Anne, Perhaps this might be a bigger discussion for a side tab? I would be interested in hearing from you and other teachers who get and love technology and learning, and examine how it is working now, and how it needs to work to prepare our students for their future. I am interested in turning the last 100 years of public education on its head and seeing what happens.
Yes, this is a topic for a side list rather than on Introductions. From what I have seen on my first few weeks on here, this is the place to find those who want to collaborate on the future.
One of the advantages to using the Internet for research, is that you can find the most current information. An Encyclopedia is outdated as soon as it is published, boxed up, and shipped to the school. The Internet tends to provide the newest information. In building my website, which is probably more in tune with the "old way" of using the computer, since I feel that we will need that use of the Internet for some time yet, I have learned how many areas, particularly in science and history, have been revisited and updated since I learned "the facts" in school myself. Before I retired, I was doing a demo lesson to show how to use the spreadsheet for 5th grade science, and explored the oceans of the world. I learned that the ocean around Antarctica is not longer called the Antarctic Ocean, but is now called the Southern ocean. When I mentioned this in my demo lesson, I educated a whole panel of administrators who also did not know the ocean had changed names, actually some twenty years ago.

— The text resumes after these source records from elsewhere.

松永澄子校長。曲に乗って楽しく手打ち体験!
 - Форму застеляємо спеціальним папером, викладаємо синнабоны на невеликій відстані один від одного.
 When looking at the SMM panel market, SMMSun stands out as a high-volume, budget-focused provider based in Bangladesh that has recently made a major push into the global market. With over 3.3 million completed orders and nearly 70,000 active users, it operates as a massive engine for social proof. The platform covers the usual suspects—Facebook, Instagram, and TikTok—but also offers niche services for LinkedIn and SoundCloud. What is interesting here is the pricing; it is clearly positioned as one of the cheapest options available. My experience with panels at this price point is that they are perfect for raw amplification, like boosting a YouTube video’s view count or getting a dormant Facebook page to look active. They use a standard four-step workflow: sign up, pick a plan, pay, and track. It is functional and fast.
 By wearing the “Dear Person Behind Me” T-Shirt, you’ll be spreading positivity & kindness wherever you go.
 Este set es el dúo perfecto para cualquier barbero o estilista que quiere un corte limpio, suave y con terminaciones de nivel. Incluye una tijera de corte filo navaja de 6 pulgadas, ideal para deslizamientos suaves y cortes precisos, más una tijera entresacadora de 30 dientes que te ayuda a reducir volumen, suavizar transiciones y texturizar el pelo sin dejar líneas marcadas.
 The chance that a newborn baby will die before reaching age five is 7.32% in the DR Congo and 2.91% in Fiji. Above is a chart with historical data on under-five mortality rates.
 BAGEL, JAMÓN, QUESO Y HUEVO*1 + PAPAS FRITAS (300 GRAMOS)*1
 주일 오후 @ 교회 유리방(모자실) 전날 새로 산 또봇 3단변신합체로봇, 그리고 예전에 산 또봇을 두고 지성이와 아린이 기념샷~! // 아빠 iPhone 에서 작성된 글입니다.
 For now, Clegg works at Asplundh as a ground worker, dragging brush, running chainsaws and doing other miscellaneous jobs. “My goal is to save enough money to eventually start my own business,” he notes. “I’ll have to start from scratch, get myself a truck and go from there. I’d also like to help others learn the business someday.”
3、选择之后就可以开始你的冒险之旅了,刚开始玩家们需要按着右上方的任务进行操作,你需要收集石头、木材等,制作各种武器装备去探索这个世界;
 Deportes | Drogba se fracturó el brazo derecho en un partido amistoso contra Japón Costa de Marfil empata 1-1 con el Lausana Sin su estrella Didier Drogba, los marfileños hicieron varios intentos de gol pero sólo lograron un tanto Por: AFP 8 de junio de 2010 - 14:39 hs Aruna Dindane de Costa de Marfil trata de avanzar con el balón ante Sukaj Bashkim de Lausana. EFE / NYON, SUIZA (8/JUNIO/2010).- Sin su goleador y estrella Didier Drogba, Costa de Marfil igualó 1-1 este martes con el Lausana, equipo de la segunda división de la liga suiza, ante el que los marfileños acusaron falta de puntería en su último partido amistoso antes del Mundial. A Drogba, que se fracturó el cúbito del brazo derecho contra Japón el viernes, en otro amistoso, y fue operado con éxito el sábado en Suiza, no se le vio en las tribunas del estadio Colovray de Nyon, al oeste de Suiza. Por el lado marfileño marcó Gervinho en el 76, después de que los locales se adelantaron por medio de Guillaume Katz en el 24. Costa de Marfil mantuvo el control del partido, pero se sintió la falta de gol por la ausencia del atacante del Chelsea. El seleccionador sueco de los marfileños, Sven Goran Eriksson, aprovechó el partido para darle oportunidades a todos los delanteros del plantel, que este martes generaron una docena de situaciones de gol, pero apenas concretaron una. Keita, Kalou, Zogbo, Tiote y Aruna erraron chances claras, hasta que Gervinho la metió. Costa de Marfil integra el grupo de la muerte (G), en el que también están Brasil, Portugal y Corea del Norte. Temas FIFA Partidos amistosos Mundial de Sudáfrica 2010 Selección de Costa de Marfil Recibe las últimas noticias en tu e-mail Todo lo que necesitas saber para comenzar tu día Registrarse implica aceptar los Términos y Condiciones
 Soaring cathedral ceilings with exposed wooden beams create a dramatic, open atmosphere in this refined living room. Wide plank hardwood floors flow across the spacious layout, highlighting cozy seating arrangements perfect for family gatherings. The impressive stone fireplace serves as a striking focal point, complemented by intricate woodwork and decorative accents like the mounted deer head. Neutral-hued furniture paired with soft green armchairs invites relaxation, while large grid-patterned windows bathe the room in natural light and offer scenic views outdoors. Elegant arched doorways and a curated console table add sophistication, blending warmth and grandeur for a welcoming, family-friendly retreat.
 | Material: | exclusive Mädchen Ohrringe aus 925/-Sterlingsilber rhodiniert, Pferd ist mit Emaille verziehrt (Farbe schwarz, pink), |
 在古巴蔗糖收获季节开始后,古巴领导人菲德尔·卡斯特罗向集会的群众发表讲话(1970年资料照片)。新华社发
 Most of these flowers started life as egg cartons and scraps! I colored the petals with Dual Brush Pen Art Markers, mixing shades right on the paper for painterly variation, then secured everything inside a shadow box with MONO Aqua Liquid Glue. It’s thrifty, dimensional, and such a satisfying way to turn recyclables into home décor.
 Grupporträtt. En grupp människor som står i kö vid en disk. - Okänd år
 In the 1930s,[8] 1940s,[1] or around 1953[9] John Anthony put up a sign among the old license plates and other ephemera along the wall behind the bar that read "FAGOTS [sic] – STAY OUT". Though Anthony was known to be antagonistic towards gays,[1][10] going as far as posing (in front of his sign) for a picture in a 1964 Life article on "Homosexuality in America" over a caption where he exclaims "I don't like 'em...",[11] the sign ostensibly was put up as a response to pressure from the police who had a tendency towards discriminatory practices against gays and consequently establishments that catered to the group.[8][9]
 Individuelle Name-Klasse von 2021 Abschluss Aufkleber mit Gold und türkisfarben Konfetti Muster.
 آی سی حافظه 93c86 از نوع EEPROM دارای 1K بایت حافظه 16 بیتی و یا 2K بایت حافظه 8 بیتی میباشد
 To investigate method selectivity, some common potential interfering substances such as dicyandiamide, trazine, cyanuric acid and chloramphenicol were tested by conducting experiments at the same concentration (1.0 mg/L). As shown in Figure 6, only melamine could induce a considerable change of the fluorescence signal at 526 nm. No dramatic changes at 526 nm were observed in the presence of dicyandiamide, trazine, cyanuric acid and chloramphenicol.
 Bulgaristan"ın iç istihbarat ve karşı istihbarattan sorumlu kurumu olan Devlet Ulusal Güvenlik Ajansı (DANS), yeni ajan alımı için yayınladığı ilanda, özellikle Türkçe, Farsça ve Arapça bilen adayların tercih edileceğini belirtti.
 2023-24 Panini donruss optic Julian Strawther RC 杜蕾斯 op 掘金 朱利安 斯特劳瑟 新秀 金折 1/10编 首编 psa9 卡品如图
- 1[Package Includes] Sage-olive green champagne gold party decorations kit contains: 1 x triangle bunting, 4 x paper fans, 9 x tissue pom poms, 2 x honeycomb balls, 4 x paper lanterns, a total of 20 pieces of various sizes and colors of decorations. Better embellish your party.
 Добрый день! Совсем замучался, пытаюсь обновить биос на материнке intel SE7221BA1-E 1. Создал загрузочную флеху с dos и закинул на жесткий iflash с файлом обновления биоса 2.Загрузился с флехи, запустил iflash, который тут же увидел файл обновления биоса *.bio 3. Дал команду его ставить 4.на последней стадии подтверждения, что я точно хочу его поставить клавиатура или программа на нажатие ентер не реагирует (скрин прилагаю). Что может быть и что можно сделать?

I think some of the solutions of how to really develop the use of computers in education should come from the creativity of the students themselves. Us adults have a habit of looking at a tool in the same way over and over, whereas someone without all that heavy experience, can look at it in a totally new way. I was just writing to a friend, who believed that the reason the people who created those "buy one, donate one" little computers, left off the spreadsheet. He did not see any applications that the little ones could use. So I told him of my experiences using spreadsheets with K-2 students. Excel has s lot of good applicatons for the little ones. They need to learn the concept of rows, columns, and cells anyway, and they can learn it much easier in first grade than in high school. You can insert graphs into worksheets, and as the student enters the values in cells, they can see the effect on the graph. You can also insert pictures and use color in creative ways on a spreadsheet. It could even be used like graph paper (set the columns and rows to equal values), and draw a shape on it and calculate the area by counting the squares, just as was done with us back when.
Right now, Rashmi Khushaboo and I are contemplating how to illustrate multi-digit multiplication in an online game, not manipulating the numerals, but manipulating shapes or other concrete objects. We want to illustrate the concept of a three digit number multiplied by a one digit number to get the kids started. Do you have any ideas to contribute?